- Sleeve patch of the Unit
- Active: 2023 – present
- Country: Russia
- Type: Irregular unit Private military company
- Part of: Ministry of Defence Gazprom Neft
- Engagements: Russian invasion of Ukraine Battle of Soledar; Battle of Bakhmut; 2023 Ukrainian counteroffensive;

= Fakel (company) =

Russian private military company

Fakel (факел) is a private military company owned and operated by Gazprom which is currently deployed by Russia in the Russian invasion of Ukraine.

==History==
Fakel was founded in 2023 by the Russian state-run gas monopoly Gazprom subsidiary Gazprom Neft, as a more loyal alternative for the Wagner Group, which at the time had just begun clashing with Russian high command on issues of supplies and tactics. The group was founded alongside two other Gazprom PMCs, Plamya and Potok. Fakel and Plamya reportedly are directly subordinate to the Russian Ministry of Defence, while Potok joined Redut PMC, a PMC which is also controlled by the Russian MoD.

Fakel, and the other Gazprom run companies, have their recruiting base as Gazprom employees, promising them that while they are away on tour in Ukraine, that their positions at work would be guaranteed for their return. A large contingent of the fighters are from Gazprom's security guards. Fakel is also the name of a bi-annual Gazprom corporate talent competition, a big festival in which teams of musical performers of all ages compete for prizes, with the logo for the competition being very similar to the logo used by the PMC. Fakel is also the name of the company's semi-professional table tennis team. Although the company has no official political affiliation, several of its members support the Pravaya Rossiya far-right party led by Georg Borovikov seeking the restoration of the Russian Empire, which has stated that they are one of Fakel's patrons. Additional, several members of the company on Telegram stated they were fighting to restore the Empire.
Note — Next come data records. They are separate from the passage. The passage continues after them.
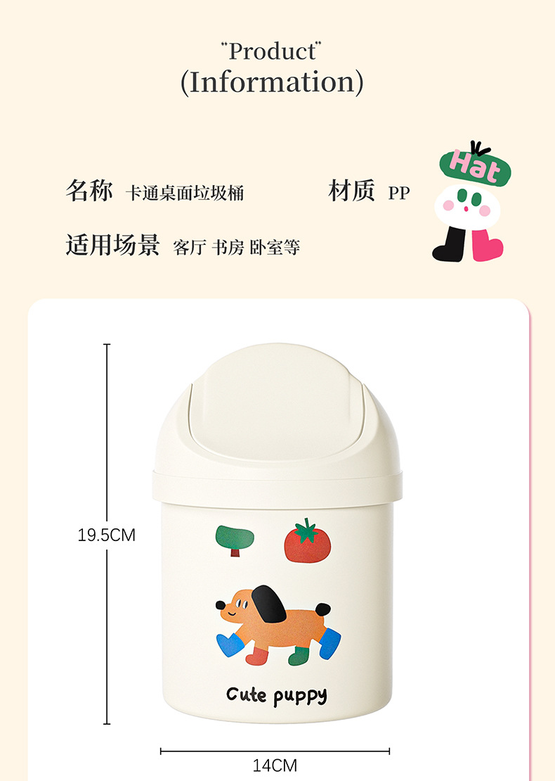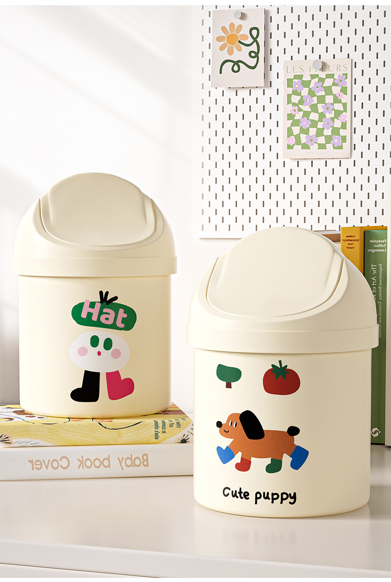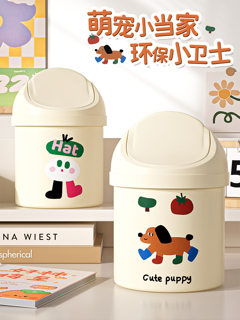 かわいい風合いの卓上ゴミ箱、家庭用インスタ映えキッチン、リビング、オフィス、トイレ用、ドーパミン圧力リングペーパーバスケット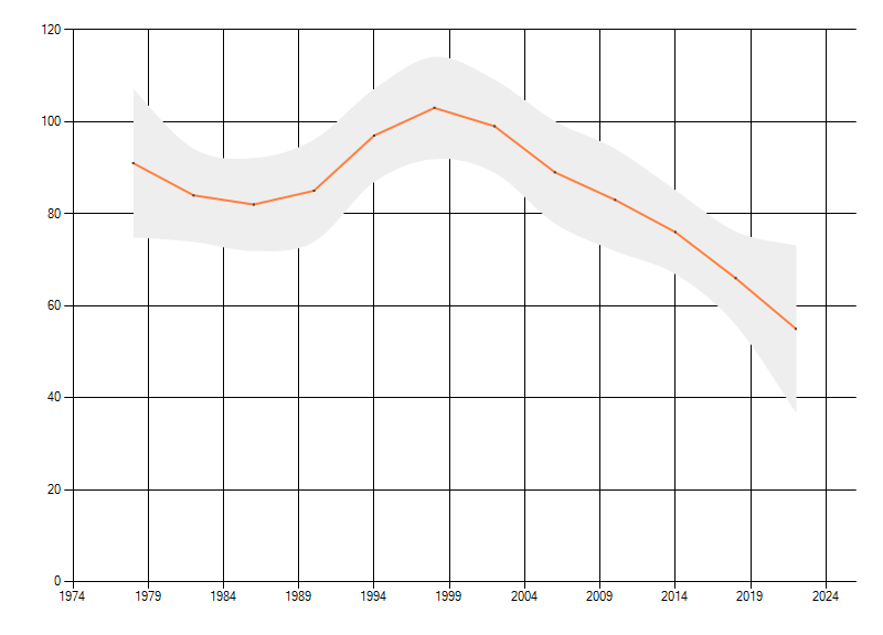 Gemiddelde trend van het aantal kilometerhokken waarin de soort voorkomt, weergegeven als indexcijfer (1975-1978 = 100).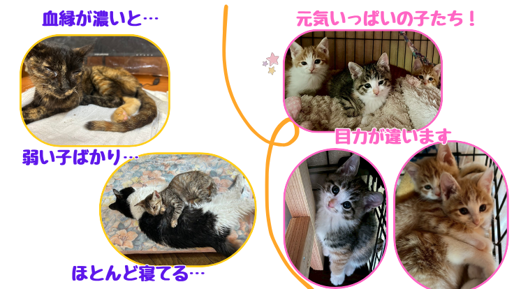 「血が濃い」のか、10を超えるすべての猫が、衰弱?というほど弱々しいんです。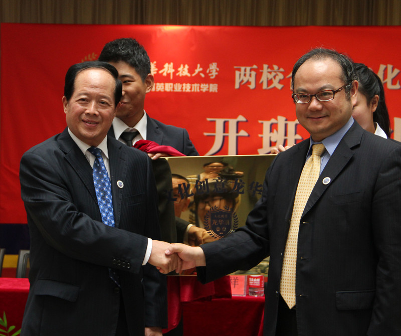 洪致平和葛自祥为文化创意龙华班揭牌,龙华班班主任和班长从两校校长手中接过班徽和班旗。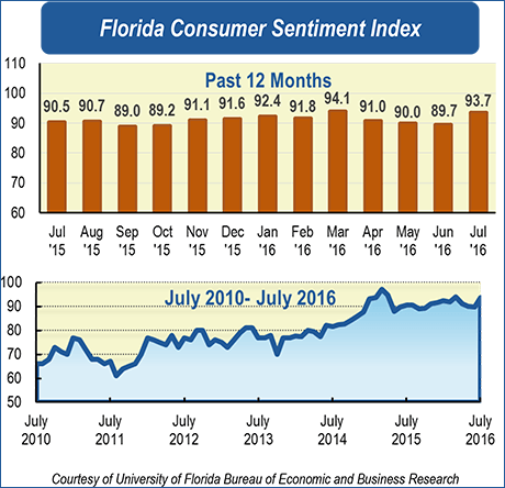 GAINESVILLE, Fla. --- Consumer sentiment among Floridians increased in July to 93.7, according to the latest University of Florida consumer survey.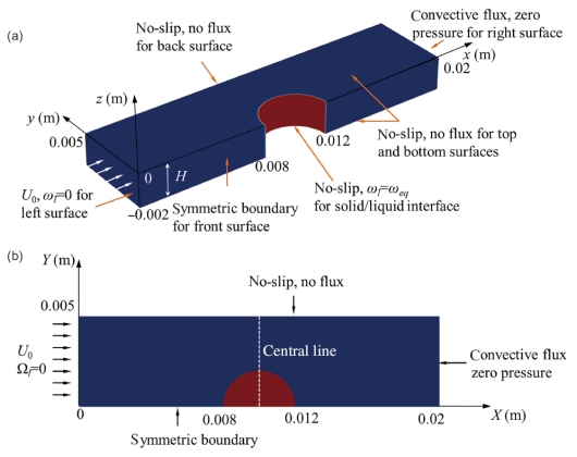 图1 (a)三维直接数值模拟和(b)二维数值模拟的Hele-Shaw单元形貌及相应边界条件。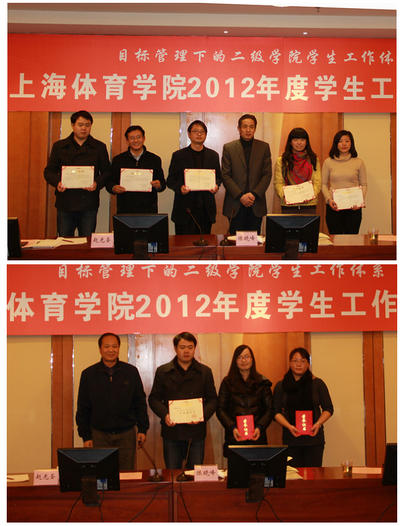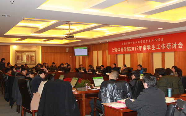 本网讯1月9日上午,上海体育学院2012年度学生工作研讨会在图文信息楼第一会议室召开,本次研讨会以目标管理下的二级学院学生工作体系建设为主题。院党委副书记、副院长陈晓峰,副院长赵光圣出席会议,会议由学工部副部长施铭主持。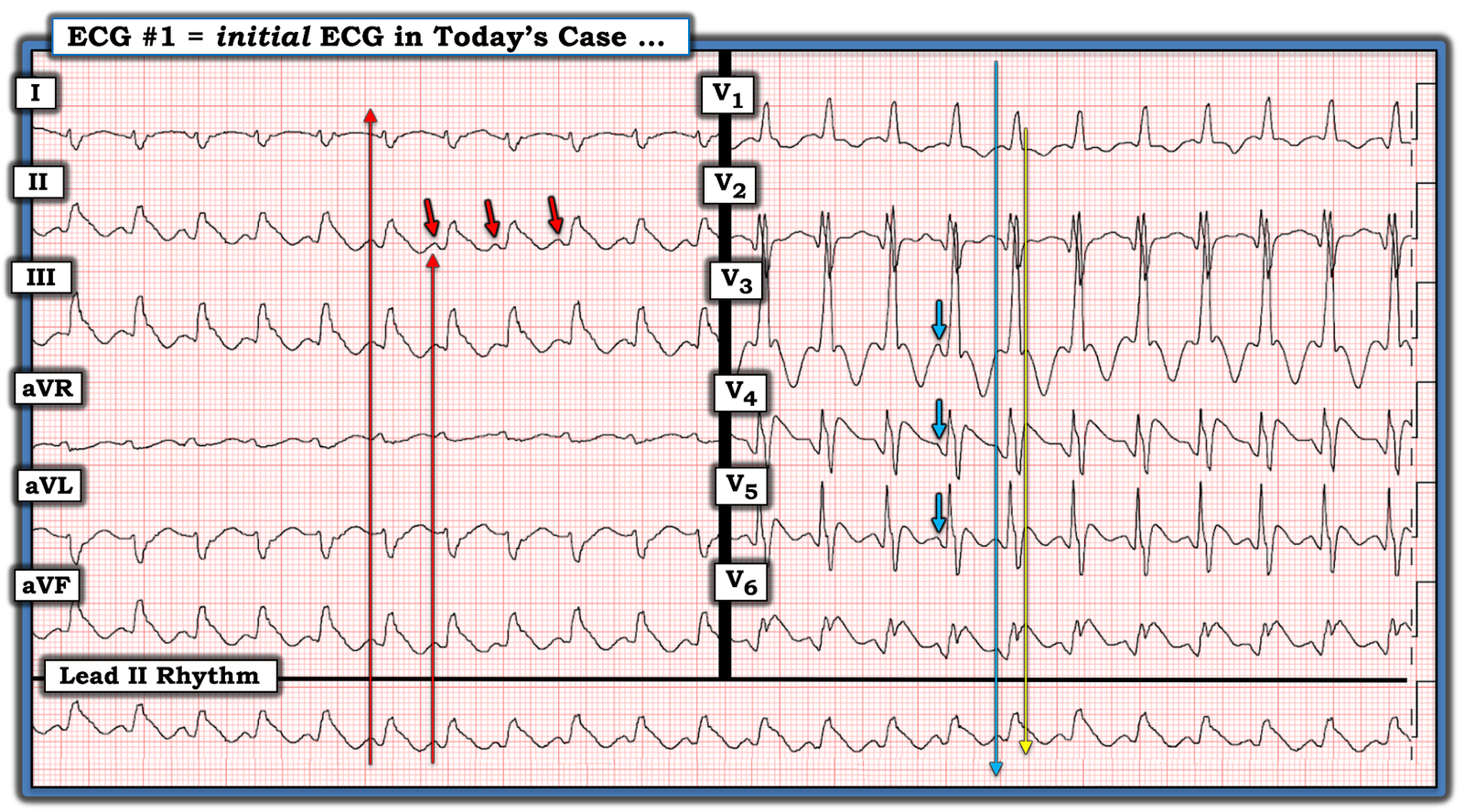 - It looks like the rhythm in Figure-1 is sinus (Don’t the RED arrows in lead II look like upright, conducting sinus P waves?).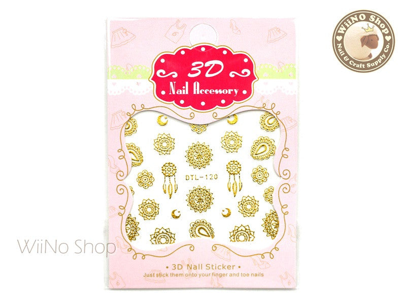 Gold Sun & Moon Tribal Adhesive Nail Art Sticker - 1 pc (DTL-120G)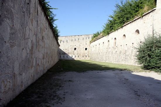 Az erőd belsejébe érve, jobb kéz felől, a keleti szárnyon az istállókat, északi részén a földszinti legénységi épületet (ezt úgy építették, hogy szükség esetén 300 ágyas kórházzá lehessen átalakítani), az udvarba benyúlva az emeletes, alápincézett tiszti épületet pillanthatjuk meg; bal kéz felől pedig az egykori kantin, s a pékség helyezkedik el. A tiszti épület kivételével a helyiségek külső oldalai védőfolyosókhoz csatlakoznak, melyek vonalát, a sáncárokba beékelődve, nyugatról és délről egy-egy emeletes, azonos elrendezésű "bástya" (caponniere) töri meg. A külső kaputól a főbejáratig vezető utat oldalazó tűzzel az un. "Flankierungsthurm" fedezi. Ebben található az erőd legszebb helyisége, a boltíves pillérekkel tagolt levente oktatóterem.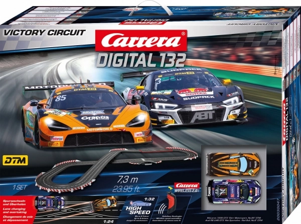Set Victory Circuit iz serije Digital 132 donosi vrhunski trkaći doživljaj u kućnim uvjetima. Zahvaljujući jedinstvenoj digitalnoj tehnologiji možete upravljati do 6 vozila na jednoj stazi, dinamično pretjecati i podešavati karakteristike pojedinih auta. Dva licencirana GT automobila – McLaren 720S GT3 i Audi R8 LMS GT3 – oduševit će detaljnom izradom i svjetlima.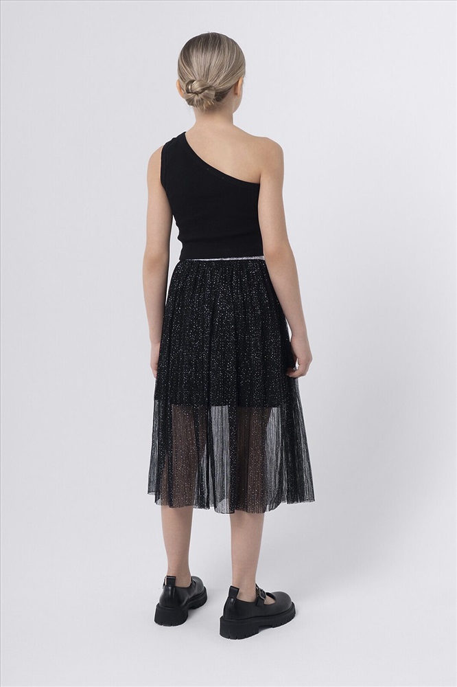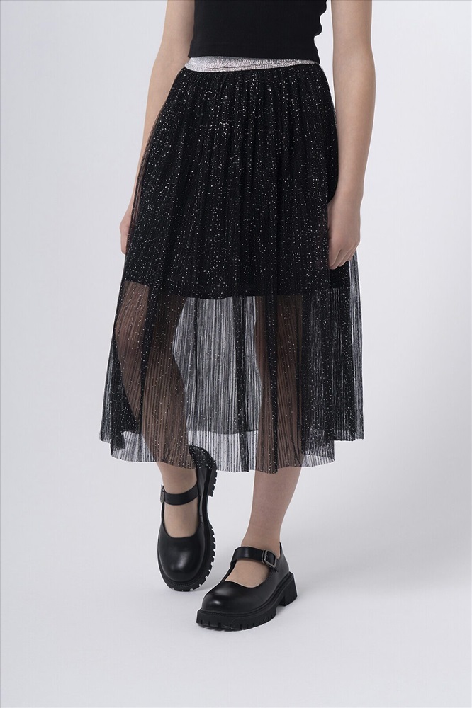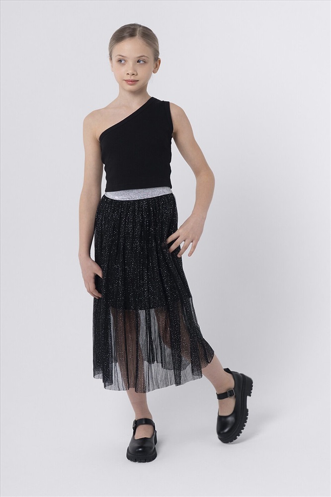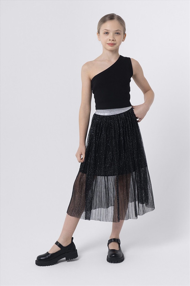 Юбка из двухслойной сетки с хлопковой подкладкой. Красиво драпируется благодаря многослойным сборкам. Пояс с эластичной резинкой обеспечивает идеальную посадку, свободу движений и легкость в носке. Блестящий декор вместе с ярким дизайном подчеркивает уникальное чувство стиля и индивидуальность.
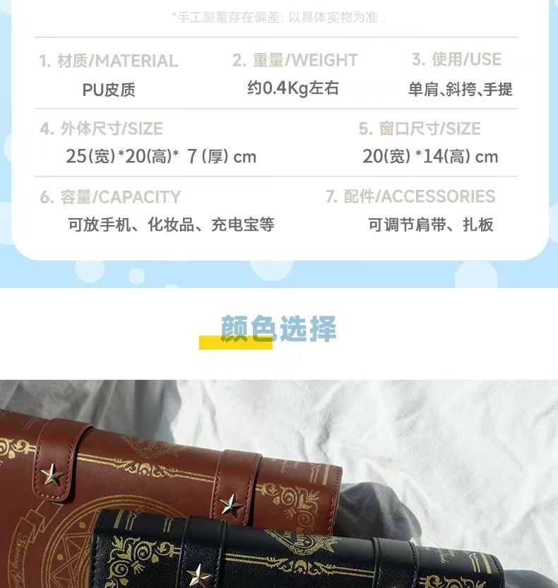 이차원 계약 마법책 투명 숄더백/크로스백 여성용 가방, 데일리용으로 다양하게 활용 가능, 대용량 학생 가방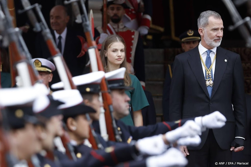 Op beelden van afgelopen vrijdag, die het Spaanse hof maandag heeft verspreid, is te zien dat de koning zich in militair outfit tussen de cadetten mengde. Hij keek toe bij een oefening en lunchte mee met zijn dochter en haar metgezellen. Op een van de foto’s geeft Felipe zijn dochter een schouderklop.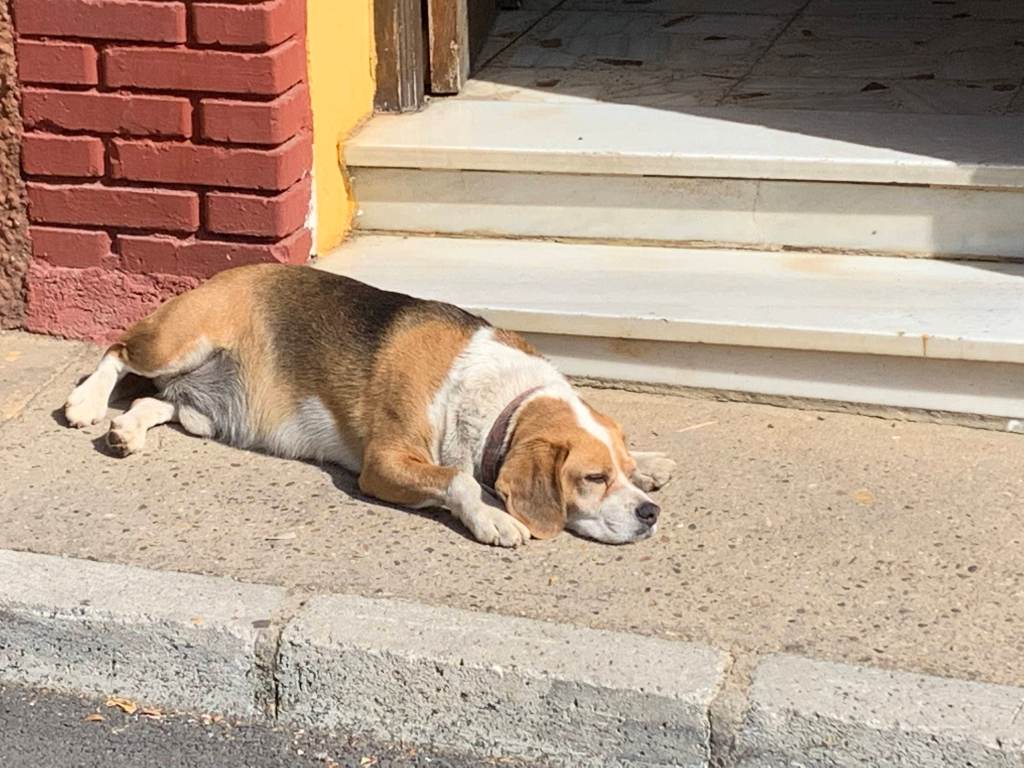 The church is closed but the bar was open…though guarded by a vicious dog.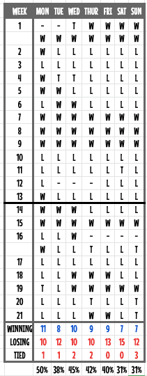 The following chart will show you that the best day of the week was the first day of the week. We were ahead (winning) in the matchup about 50% of the time. Except for Tuesday (38%), we stayed in the 40% range on Wednesday, Thursday, and Friday. As the weekend rolled around, that was about the same time we turtled (31% winning percentage) in the matchup, which resulted in our losing record.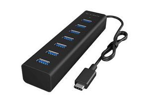keine Angabe Versand durch AmazonICY BOX IB-Hub1700-C3 7-fach USB Type-C Hub mit 7x USB 3.0 (Type-A) Anschlüssen und Netzteil, integriertes Kabel, Aluminium, schwarz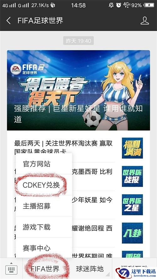 大家注意一下公众号中兑换CDkey的位置:“FIFA世界”-“CDKEY兑换”。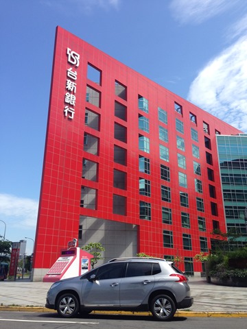 那要先上哪兒去試車呢? 第一個念頭就是開到河濱公園好好拍個照,沿途藍天白雲真是美麗,突然瞥見紅色的台新銀行大樓,趕忙先停下來,幫小獅王拍個定裝照。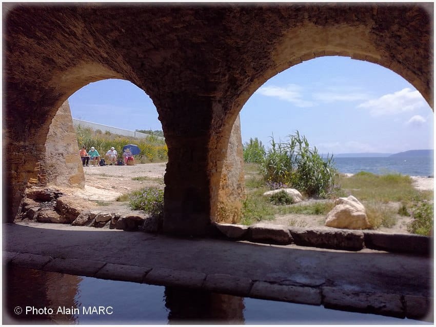 L’étang inondé de soleil, la mer en toile de fond, et ce petit lavoir médiéval qui invite à l’aquarelle : voilà un instant suspendu, dont le souvenir s’accroche durablement au papier.

Yevgeny Prigozhin was critical of Fakel, seeing the organization as competition for his Wagner group. Prigozhin claims that Fakel saw combat in the Battle of Bakhmut, where they were tasked with covering Wagner's flanks, and failed to do so resulting in a successful Ukrainian flanking maneuver that resulted in a large amount of Wagner casualties. Prigozhin claimed the unit had poor training and supplies, and a lack of any "tactical-level commanders." The unit has also seen combat in the Battle of Soledar.